Philippe LARDIN (Maître de conférences habilité en histoire médiévale à l’université de Rouen (Groupe de Recherche d’HIStoire - GRHIS), « Plâtre et plâtriers en Normandie orientale à la fin du Moyen Âge ». [3]
Résumé. Le plâtre était un matériau très utilisé dans certaines parties de la Normandie orientale à la fin du Moyen Âge. Produit à partir de gypse parisien, il était fabriqué dans les lieux de consommation, particulièrement à Rouen. Toutefois, les problèmes de transport réduisaient son emploi en dehors de la vallée de la Seine. Grâce aux comptabilités et aux statuts rouennais des plâtriers qui remontaient au milieu du XIIIe siècle, on peut constater que son utilisation était très variée depuis les parois intérieures et extérieures des habitations jusqu’aux décorations les plus fines. Il servait aussi aux couvreurs ce qui liait ces artisans aux plâtriers de manière assez complexe. Dans tous les cas, le plâtre était considéré comme indispensable et on n’hésitait à récupérer le « plâtre vieux » quand des problèmes climatiques ou politiques interrompaient l’approvisionnement en gypse. Quoi qu’il en soit, les plâtriers connaissaient une certaine aisance mais la situation n’était pas la même selon qu’ils produisaient eux-mêmes le plâtre ou qu’ils l’achetaient pour le mettre en œuvre.

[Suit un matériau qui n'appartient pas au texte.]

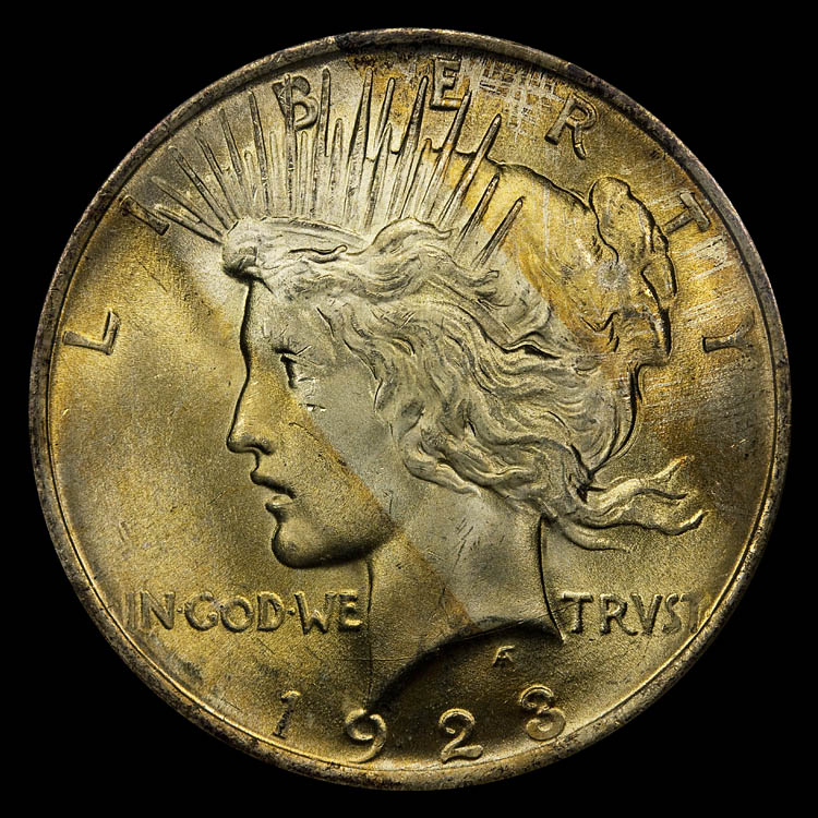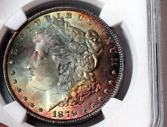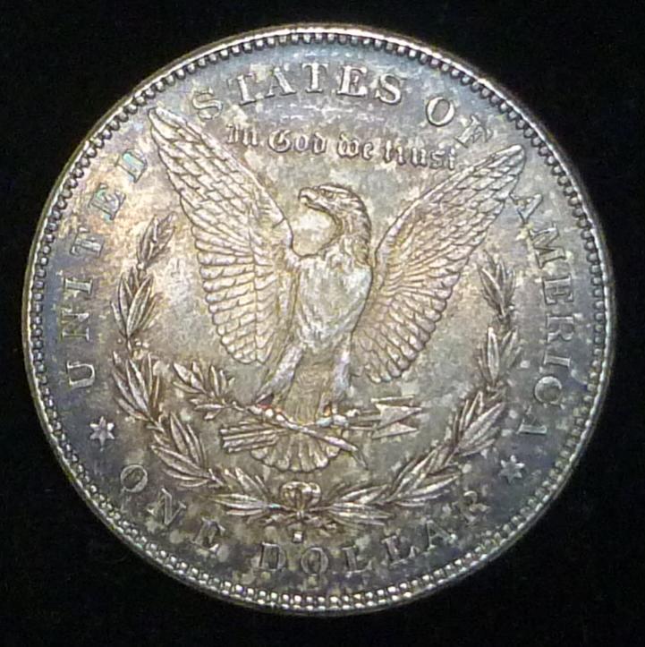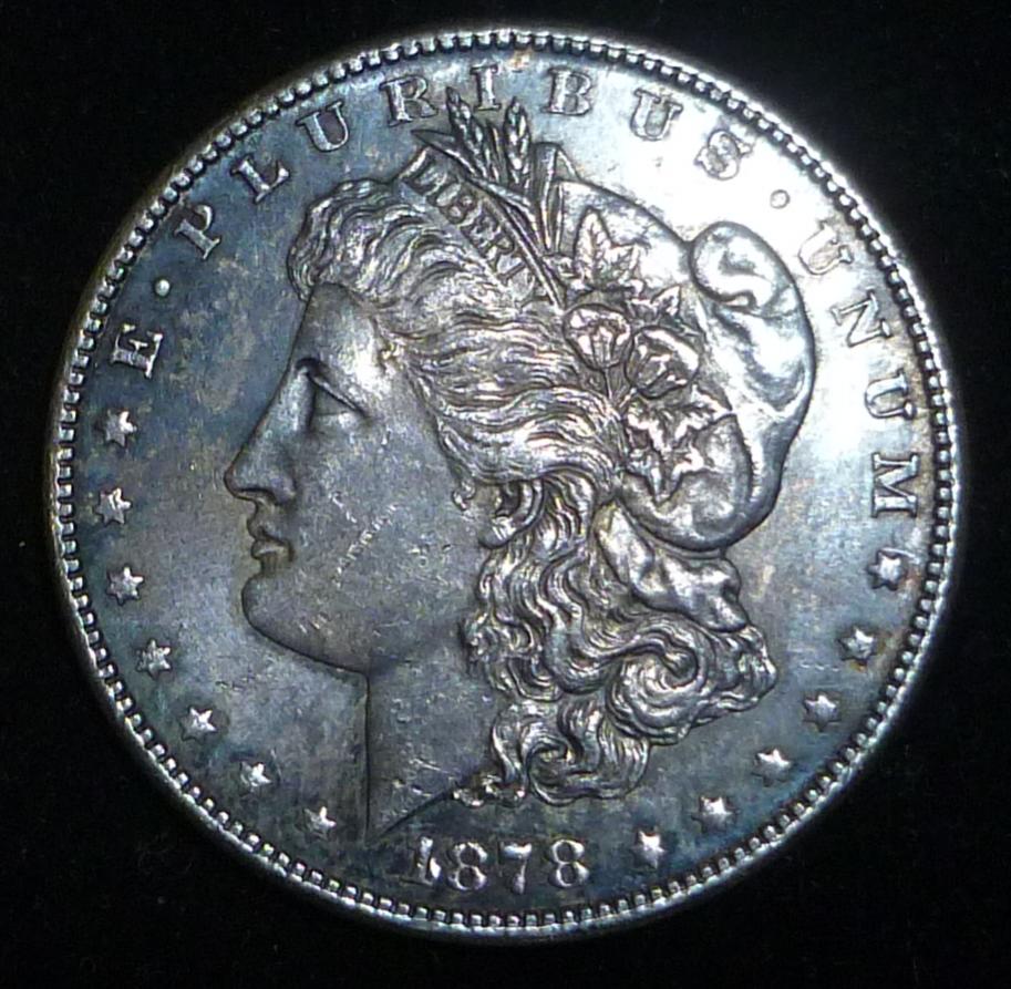 Honestly my favorite toning would be either rainbow, or a uniform color. Any color, as long as it's uniform. Spotty, uneven toning looks strange to me. o_o Here's an 1878 Morgan. The toning is a bit spotty but not so much as to ruin its beauty, I think it's pretty anyway. :3 And now my most prized coin out of my entire collection, a 1759 Spanish 8 real. IMO it's toning is perfect, the only way it could be better is if it were rainbow. The obverse is a uniform light brown, but the reverse has some purple and yellow hints to it if you tilt it back and forth. Unfortunately you can't see those too well in the pictures...
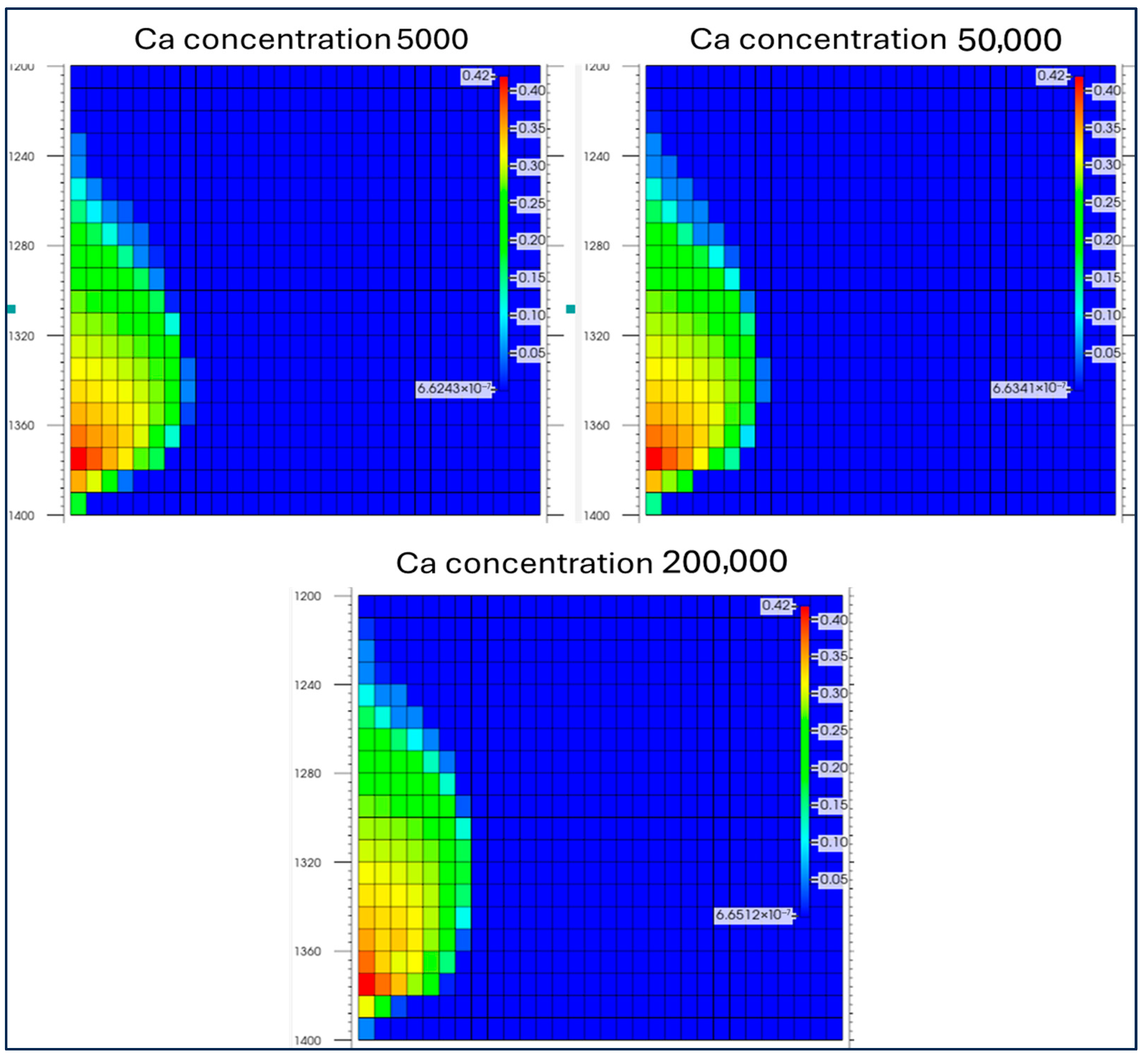 When carbonate availability increases to Ca = 50,000, the spatial coverage of trapped CO2 increases and the saturation gradients become more smoothly distributed. This is attributed to enhanced dissolution and fluid rearrangement along the plume boundary. As CO2 dissolves and weakens buoyant drive, plume migration slows and lateral expansion increases, creating broader regions of capillary snap-off and disconnection from the mobile phase. Thus, the enhanced geochemical reactivity indirectly amplifies residual trapping by encouraging more uniform plume thinning and more sustained contact with brine-filled pore structures.

Julien SALETTE (Staffeur ; il prépare actuellement un Master à l’Université de Toulouse-Le Mirail), « Outillage et techniques du gipier provençal, l’exemple de Riez (Alpes de Haute Provence) XVIe-XVIIe siècle. Apport de la tracéologie ».
Résumé.Le matériau plâtre possède des propriétés plastiques et mécaniques qui confèrent aux mortiers des qualités spécifiques : finesse du grain et donc du détail, forte tenue mécanique, rapidité de prise… Ces propriétés favorisent la conservation de « traces » du travail du gipier (plâtrier). Le plâtre apparaît donc comme un support privilégié pour l’analyse tracéologique. L’étude des traces d’outils et de mises en œuvre permet trois types d’observations techniques. D’une part, ces traces constituent un apport d’informations sur l’outillage utilisé par le gipier. D’autre part, nous pouvons observer et analyser l’outil dans son usage : fonction, gestuelle, phase de prise de la matière… Enfin, l’ensemble de ces observations permet d’envisager la reconstitution de chaînes opératoires, ouvrant ainsi la voie à l’archéologie expérimentale.